Content starts

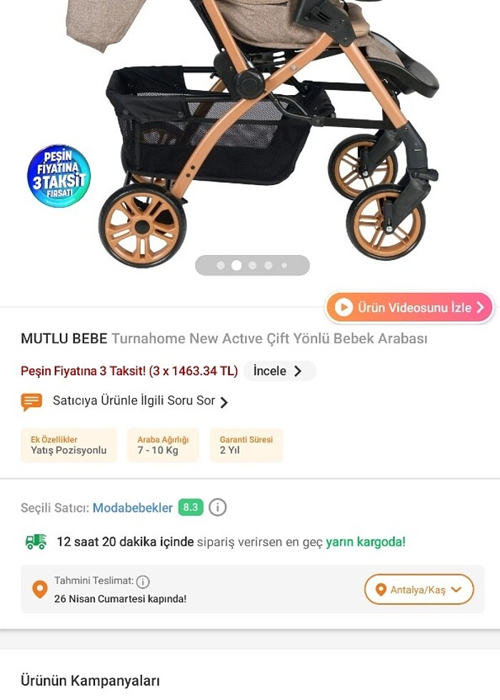 Bebek arabasını kızım için çok araştırarak almıştım hem uygun fiyatlı hem kaliteli uzun süre kullanabileceğim bir ürün olmasını istedim. Fakat doğumdan sonra arkadaşım bebek arabası hediye etti, bu ürünü hiç kullanmadık sadece ilk aldığımız zaman evin içerisinde bakıp incelemek için kurduk ,çünkü trendyoldan aldım ve herhangi bir sorunu olsaydı iade edecektim. şimdi de elimde fazla olduğu için satmak istiyorum . Ürün fotoğraf ta göründüğü gibidir 4baby marka
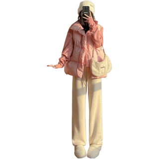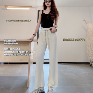浪莎軟糯米褲女高腰直筒休閑拖地褲寬松慵懶山本褲運(yùn)動褲子 燕麥色 2XL80元起 -
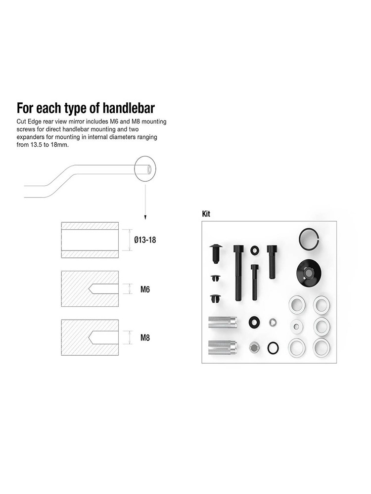 - końcówka kierownicy (w zestawie) na dowolnej kierownicy o średnicy wewnętrznej 13,5–18 mm
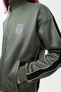 Jacket in lightweight technical jersey featuring herringbone tape on the sleeves and a mesh lining. - Relaxed fit, regular length - High neck - Rib knit collar, cuffs and hem - Zip front fastening - Zipped welt pockets - LOEWE Anagram embroidery placed on the chest Colour: Khaki Green Main material: Polyamide/Cotton Weight: 0.9 kg Made in: Portugal Materials & care Main Material: 56% polyamide 44% cotton
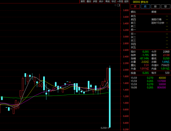 梦东方开盘没多久后就开始下挫,几无反手之力,截至收盘跌87.14%,创历史新低。昨日梦东方公告,创升控股在12月22日公开市场出售梦东方合共920.5万股,每股平均价1.67港元,总代价约1538万港元,估计出售确认收益1400万港元。

Content ends

◆ **Description of the task**: The whole listing must be transcribed exactly. No pictures belong in the copy.

◆ **Your response**:
 Bebek arabasını kızım için çok araştırarak almıştım hem uygun fiyatlı hem kaliteli uzun süre kullanabileceğim bir ürün olmasını istedim. Fakat doğumdan sonra arkadaşım bebek arabası hediye etti, bu ürünü hiç kullanmadık sadece ilk aldığımız zaman evin içerisinde bakıp incelemek için kurduk ,çünkü trendyoldan aldım ve herhangi bir sorunu olsaydı iade edecektim. şimdi de elimde fazla olduğu için satmak istiyorum . Ürün fotoğraf ta göründüğü gibidir 4baby marka
浪莎軟糯米褲女高腰直筒休閑拖地褲寬松慵懶山本褲運(yùn)動褲子 燕麥色 2XL80元起 -
 - końcówka kierownicy (w zestawie) na dowolnej kierownicy o średnicy wewnętrznej 13,5–18 mm
 Jacket in lightweight technical jersey featuring herringbone tape on the sleeves and a mesh lining. - Relaxed fit, regular length - High neck - Rib knit collar, cuffs and hem - Zip front fastening - Zipped welt pockets - LOEWE Anagram embroidery placed on the chest Colour: Khaki Green Main material: Polyamide/Cotton Weight: 0.9 kg Made in: Portugal Materials & care Main Material: 56% polyamide 44% cotton
 梦东方开盘没多久后就开始下挫,几无反手之力,截至收盘跌87.14%,创历史新低。昨日梦东方公告,创升控股在12月22日公开市场出售梦东方合共920.5万股,每股平均价1.67港元,总代价约1538万港元,估计出售确认收益1400万港元。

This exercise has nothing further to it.